Exercise brief:
Copy the lines below exactly, starting at the one with "花とスイーツのセット ムーンダストを使ったお供えアレンジメントLサイズ+「六本木アマンド」チーズミルフィーユセット 生花" and ending at the one with "Bob McChesney 1953 Bowman #67 RC", and leave out any picture.

Data listing:
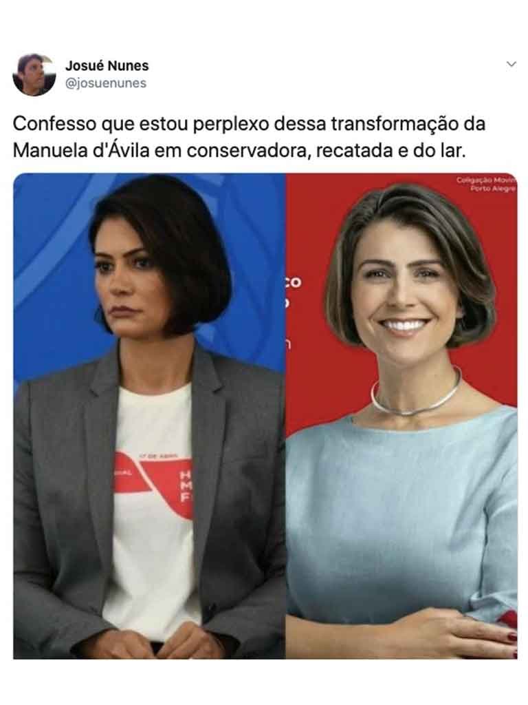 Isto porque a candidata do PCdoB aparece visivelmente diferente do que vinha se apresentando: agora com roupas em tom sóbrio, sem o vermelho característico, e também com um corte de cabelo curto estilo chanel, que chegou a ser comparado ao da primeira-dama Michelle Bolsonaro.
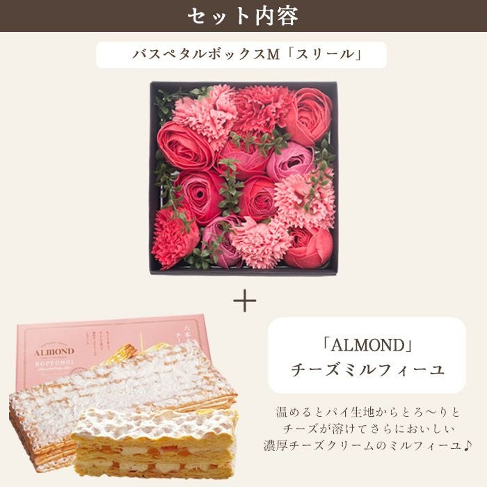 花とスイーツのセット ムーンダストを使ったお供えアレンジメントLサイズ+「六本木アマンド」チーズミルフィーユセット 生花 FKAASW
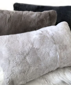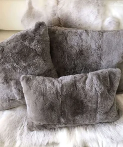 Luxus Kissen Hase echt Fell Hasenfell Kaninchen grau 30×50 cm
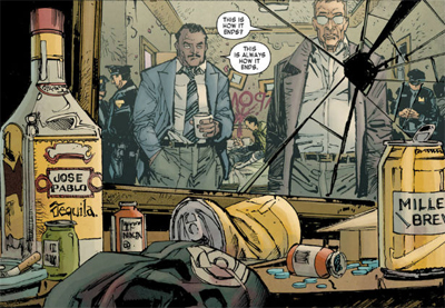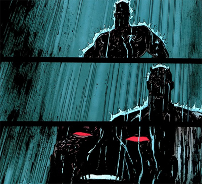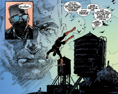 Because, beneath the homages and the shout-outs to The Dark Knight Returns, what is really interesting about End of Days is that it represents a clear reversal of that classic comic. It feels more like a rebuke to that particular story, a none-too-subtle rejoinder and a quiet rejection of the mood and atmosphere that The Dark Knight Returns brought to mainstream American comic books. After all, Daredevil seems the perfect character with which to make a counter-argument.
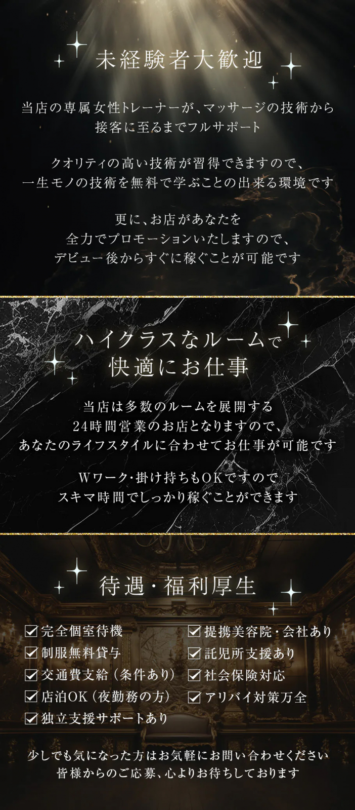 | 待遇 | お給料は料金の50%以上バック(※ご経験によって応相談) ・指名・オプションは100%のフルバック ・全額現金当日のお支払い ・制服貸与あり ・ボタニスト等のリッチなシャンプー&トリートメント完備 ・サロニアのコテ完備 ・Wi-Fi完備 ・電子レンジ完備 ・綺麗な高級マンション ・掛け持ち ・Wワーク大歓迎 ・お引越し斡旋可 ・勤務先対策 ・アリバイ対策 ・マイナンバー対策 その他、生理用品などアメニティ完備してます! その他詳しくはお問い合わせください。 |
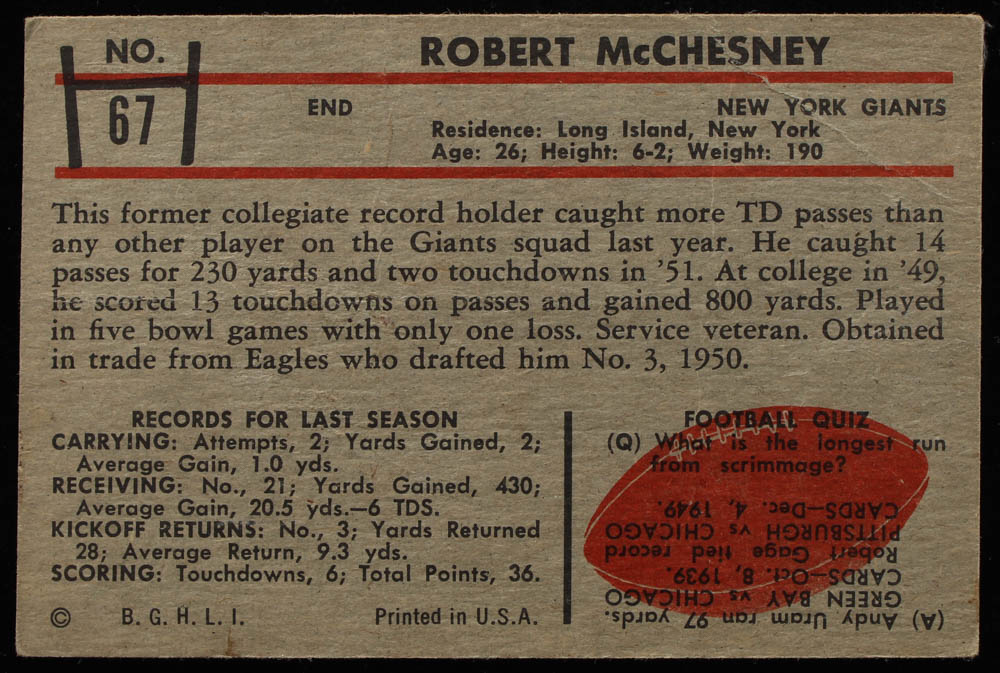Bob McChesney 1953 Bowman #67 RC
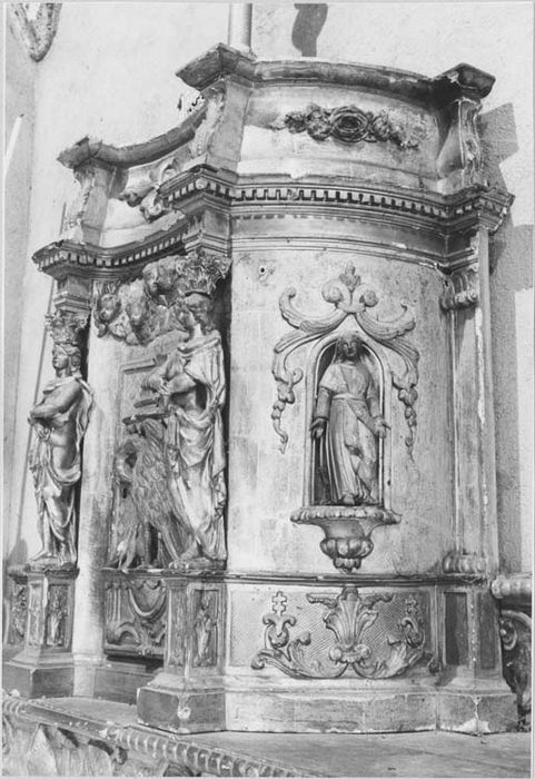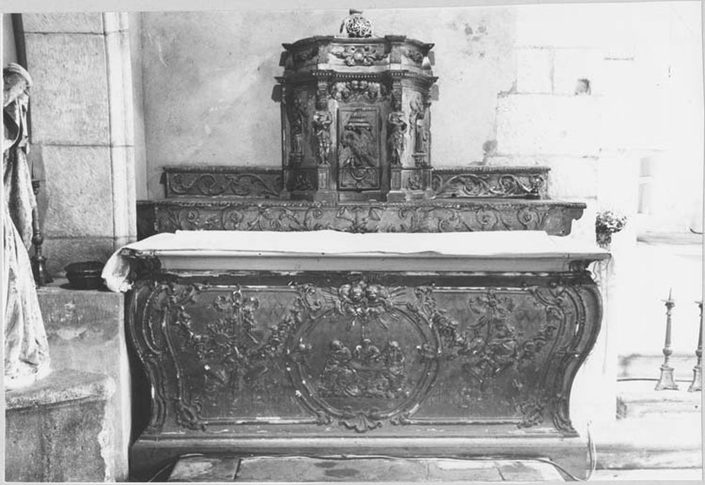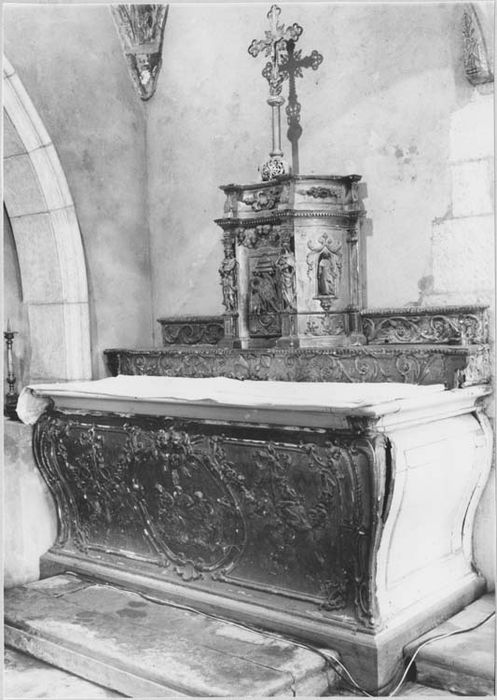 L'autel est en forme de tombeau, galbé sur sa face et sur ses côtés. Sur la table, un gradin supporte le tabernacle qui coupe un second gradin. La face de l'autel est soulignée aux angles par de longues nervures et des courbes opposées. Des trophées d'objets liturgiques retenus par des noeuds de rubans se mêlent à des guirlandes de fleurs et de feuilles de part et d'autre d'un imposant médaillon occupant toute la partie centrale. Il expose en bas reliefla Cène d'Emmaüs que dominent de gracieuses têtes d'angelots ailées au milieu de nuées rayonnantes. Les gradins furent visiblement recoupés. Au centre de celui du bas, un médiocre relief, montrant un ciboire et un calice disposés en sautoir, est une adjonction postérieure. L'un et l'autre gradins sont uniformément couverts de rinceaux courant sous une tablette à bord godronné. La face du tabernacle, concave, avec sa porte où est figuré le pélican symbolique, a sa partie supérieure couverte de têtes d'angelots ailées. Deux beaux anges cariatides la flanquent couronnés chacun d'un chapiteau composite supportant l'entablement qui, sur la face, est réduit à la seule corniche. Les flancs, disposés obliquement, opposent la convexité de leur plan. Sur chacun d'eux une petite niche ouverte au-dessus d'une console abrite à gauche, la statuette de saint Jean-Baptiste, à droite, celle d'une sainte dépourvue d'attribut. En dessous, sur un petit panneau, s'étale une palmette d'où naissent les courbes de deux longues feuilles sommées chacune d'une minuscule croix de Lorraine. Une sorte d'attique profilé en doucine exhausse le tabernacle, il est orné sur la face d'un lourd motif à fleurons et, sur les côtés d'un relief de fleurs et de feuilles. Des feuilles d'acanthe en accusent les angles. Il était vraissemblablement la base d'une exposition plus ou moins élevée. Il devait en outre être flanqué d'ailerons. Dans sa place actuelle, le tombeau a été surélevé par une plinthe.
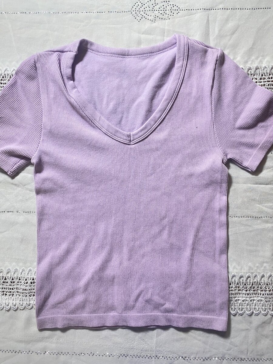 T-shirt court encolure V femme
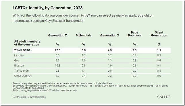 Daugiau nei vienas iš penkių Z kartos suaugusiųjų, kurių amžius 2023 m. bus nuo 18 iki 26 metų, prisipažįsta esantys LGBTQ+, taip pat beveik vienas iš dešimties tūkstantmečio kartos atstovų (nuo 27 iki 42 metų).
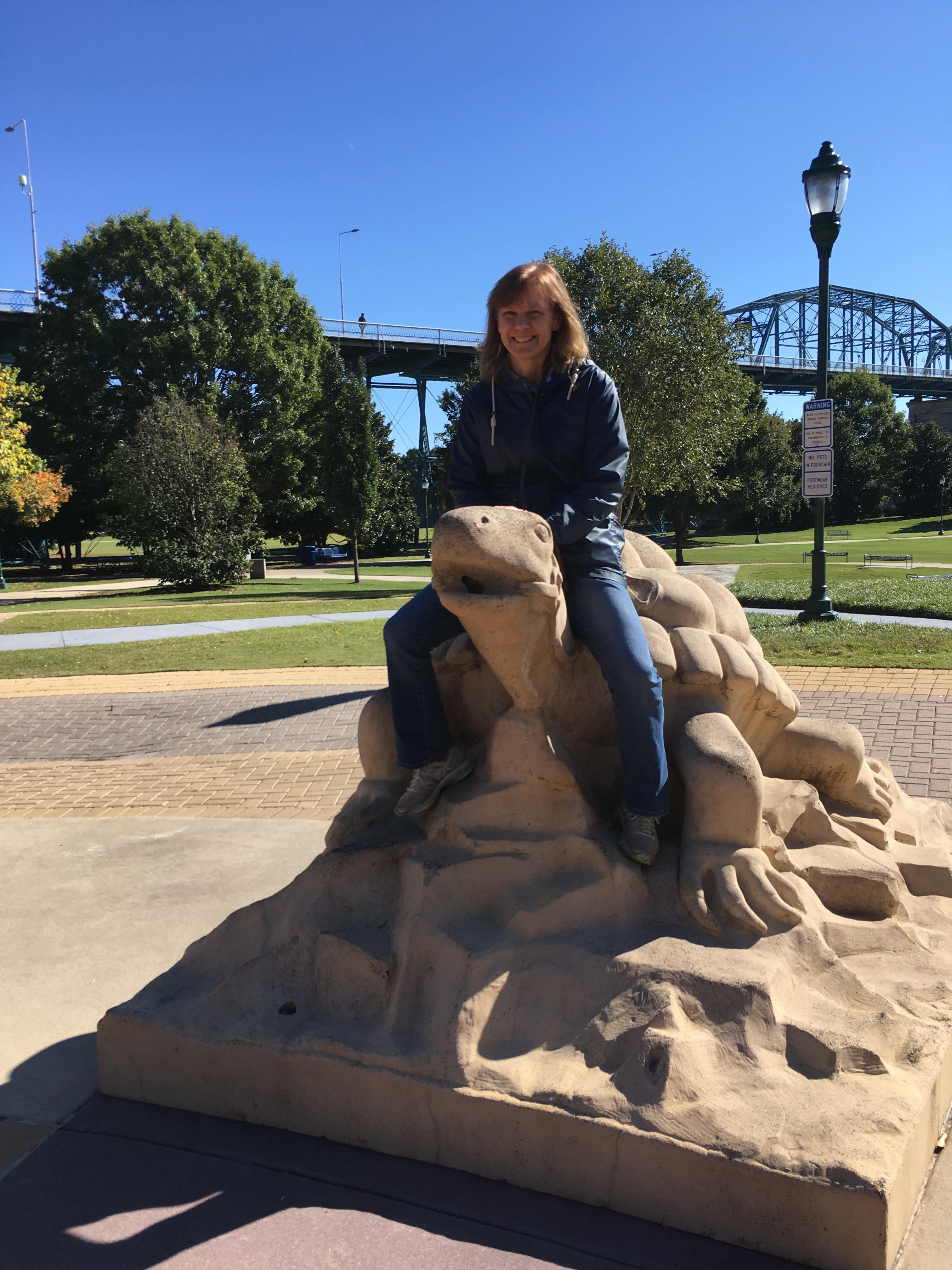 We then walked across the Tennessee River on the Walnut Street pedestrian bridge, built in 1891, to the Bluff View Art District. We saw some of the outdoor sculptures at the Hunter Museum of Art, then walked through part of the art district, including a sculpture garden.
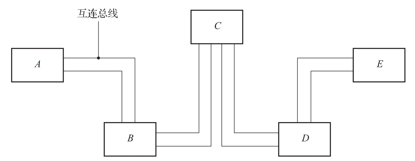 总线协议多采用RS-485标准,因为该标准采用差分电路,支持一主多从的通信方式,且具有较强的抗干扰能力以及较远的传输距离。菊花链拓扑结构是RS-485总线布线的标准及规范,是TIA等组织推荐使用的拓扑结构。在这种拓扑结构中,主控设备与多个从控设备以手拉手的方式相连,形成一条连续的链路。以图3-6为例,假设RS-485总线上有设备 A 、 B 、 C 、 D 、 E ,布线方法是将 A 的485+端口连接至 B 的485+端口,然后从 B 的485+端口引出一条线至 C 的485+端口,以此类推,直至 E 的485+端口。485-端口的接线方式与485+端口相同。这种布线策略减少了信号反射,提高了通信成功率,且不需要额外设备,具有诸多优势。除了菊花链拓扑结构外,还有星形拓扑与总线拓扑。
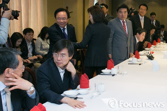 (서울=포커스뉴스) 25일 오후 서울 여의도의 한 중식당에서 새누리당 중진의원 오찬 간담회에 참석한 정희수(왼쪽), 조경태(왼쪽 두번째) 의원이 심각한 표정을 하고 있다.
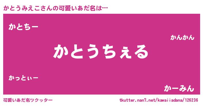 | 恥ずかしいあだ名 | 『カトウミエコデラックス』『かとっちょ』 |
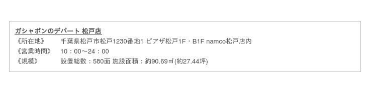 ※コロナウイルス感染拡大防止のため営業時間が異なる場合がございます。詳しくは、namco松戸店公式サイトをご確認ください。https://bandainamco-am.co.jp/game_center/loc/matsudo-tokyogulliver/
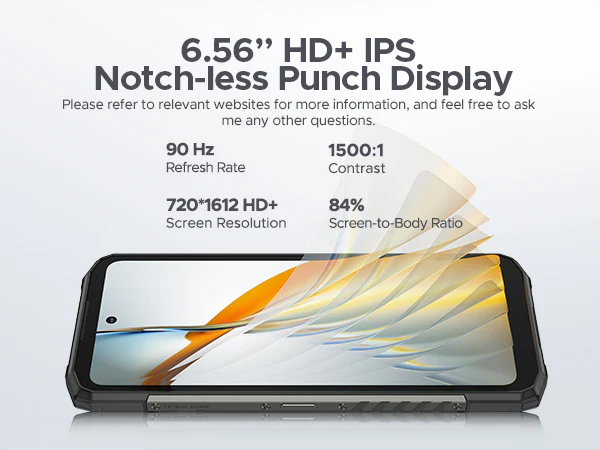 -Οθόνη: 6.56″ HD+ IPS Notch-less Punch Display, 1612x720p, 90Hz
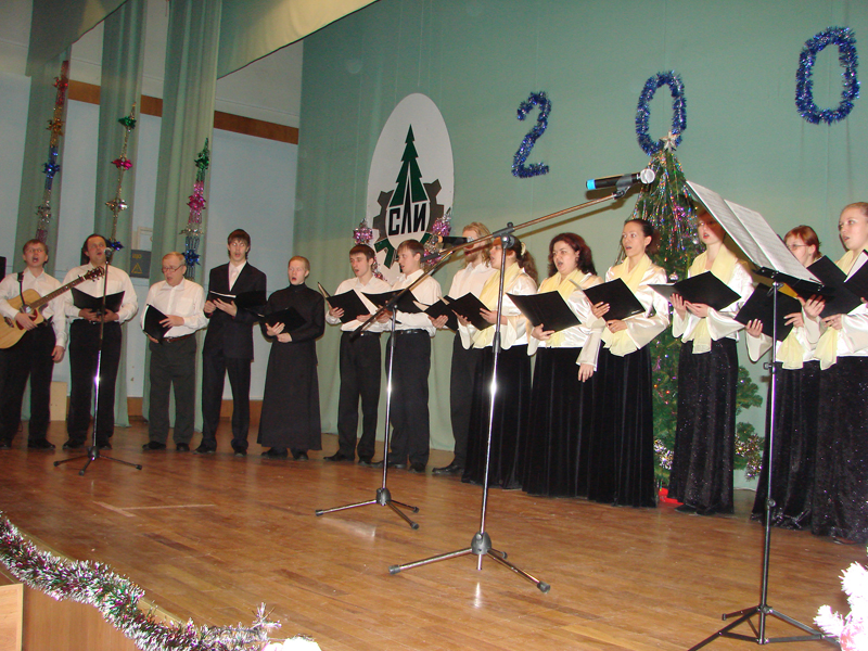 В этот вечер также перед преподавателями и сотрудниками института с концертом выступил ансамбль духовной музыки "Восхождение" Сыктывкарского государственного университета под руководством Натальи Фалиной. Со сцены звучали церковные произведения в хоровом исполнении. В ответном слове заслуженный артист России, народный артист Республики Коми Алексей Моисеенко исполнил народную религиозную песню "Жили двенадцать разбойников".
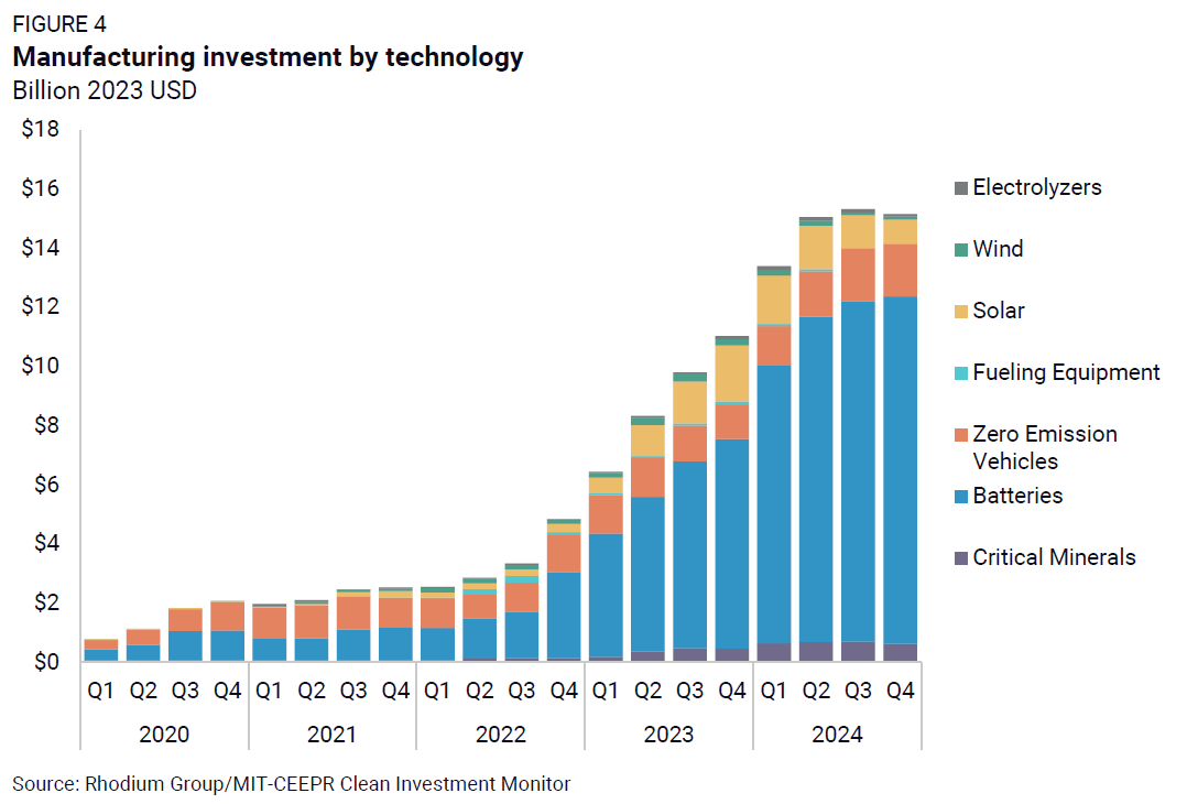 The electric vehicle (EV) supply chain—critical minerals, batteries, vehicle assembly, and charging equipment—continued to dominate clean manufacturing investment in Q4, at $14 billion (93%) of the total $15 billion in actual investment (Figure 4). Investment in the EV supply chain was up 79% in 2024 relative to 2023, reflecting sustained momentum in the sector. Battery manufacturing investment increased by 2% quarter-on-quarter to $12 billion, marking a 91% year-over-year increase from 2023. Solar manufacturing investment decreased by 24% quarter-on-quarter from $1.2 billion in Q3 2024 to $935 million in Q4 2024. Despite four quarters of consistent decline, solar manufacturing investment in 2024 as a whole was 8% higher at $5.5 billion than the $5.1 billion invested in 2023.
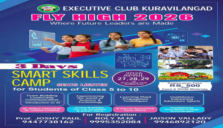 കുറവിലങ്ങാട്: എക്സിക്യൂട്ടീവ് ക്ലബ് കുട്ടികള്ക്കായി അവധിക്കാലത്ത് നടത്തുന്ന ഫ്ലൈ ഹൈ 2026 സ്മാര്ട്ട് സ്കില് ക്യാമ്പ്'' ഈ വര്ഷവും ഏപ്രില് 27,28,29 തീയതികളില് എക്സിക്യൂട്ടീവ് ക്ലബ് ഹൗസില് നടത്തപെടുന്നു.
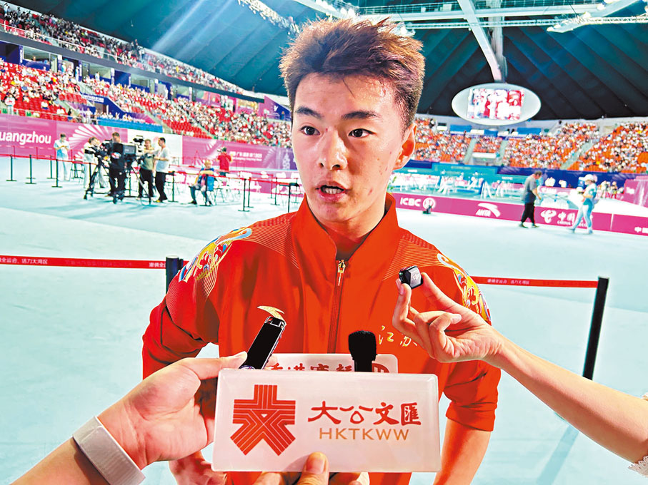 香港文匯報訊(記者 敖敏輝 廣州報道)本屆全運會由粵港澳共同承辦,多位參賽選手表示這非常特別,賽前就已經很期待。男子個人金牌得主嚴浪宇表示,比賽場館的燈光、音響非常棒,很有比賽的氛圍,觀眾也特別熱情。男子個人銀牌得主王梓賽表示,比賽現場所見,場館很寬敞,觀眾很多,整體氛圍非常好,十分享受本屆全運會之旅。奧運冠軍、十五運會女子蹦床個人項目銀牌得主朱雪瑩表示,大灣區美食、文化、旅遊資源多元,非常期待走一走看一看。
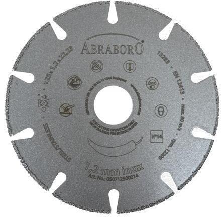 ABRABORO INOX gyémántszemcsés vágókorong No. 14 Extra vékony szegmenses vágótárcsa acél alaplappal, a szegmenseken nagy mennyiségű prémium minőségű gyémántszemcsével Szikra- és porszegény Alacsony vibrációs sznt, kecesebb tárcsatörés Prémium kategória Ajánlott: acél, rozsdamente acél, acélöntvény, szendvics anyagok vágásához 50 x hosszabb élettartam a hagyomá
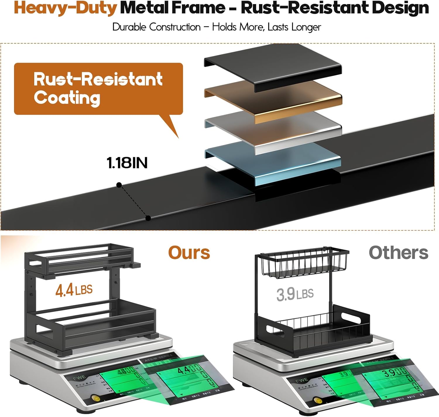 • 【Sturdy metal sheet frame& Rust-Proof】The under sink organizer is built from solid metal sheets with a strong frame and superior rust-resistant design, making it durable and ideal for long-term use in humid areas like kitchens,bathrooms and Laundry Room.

Your solution:
 花とスイーツのセット ムーンダストを使ったお供えアレンジメントLサイズ+「六本木アマンド」チーズミルフィーユセット 生花 FKAASW
 Luxus Kissen Hase echt Fell Hasenfell Kaninchen grau 30×50 cm
 Because, beneath the homages and the shout-outs to The Dark Knight Returns, what is really interesting about End of Days is that it represents a clear reversal of that classic comic. It feels more like a rebuke to that particular story, a none-too-subtle rejoinder and a quiet rejection of the mood and atmosphere that The Dark Knight Returns brought to mainstream American comic books. After all, Daredevil seems the perfect character with which to make a counter-argument.
 | 待遇 | お給料は料金の50%以上バック(※ご経験によって応相談) ・指名・オプションは100%のフルバック ・全額現金当日のお支払い ・制服貸与あり ・ボタニスト等のリッチなシャンプー&トリートメント完備 ・サロニアのコテ完備 ・Wi-Fi完備 ・電子レンジ完備 ・綺麗な高級マンション ・掛け持ち ・Wワーク大歓迎 ・お引越し斡旋可 ・勤務先対策 ・アリバイ対策 ・マイナンバー対策 その他、生理用品などアメニティ完備してます! その他詳しくはお問い合わせください。 |
Bob McChesney 1953 Bowman #67 RC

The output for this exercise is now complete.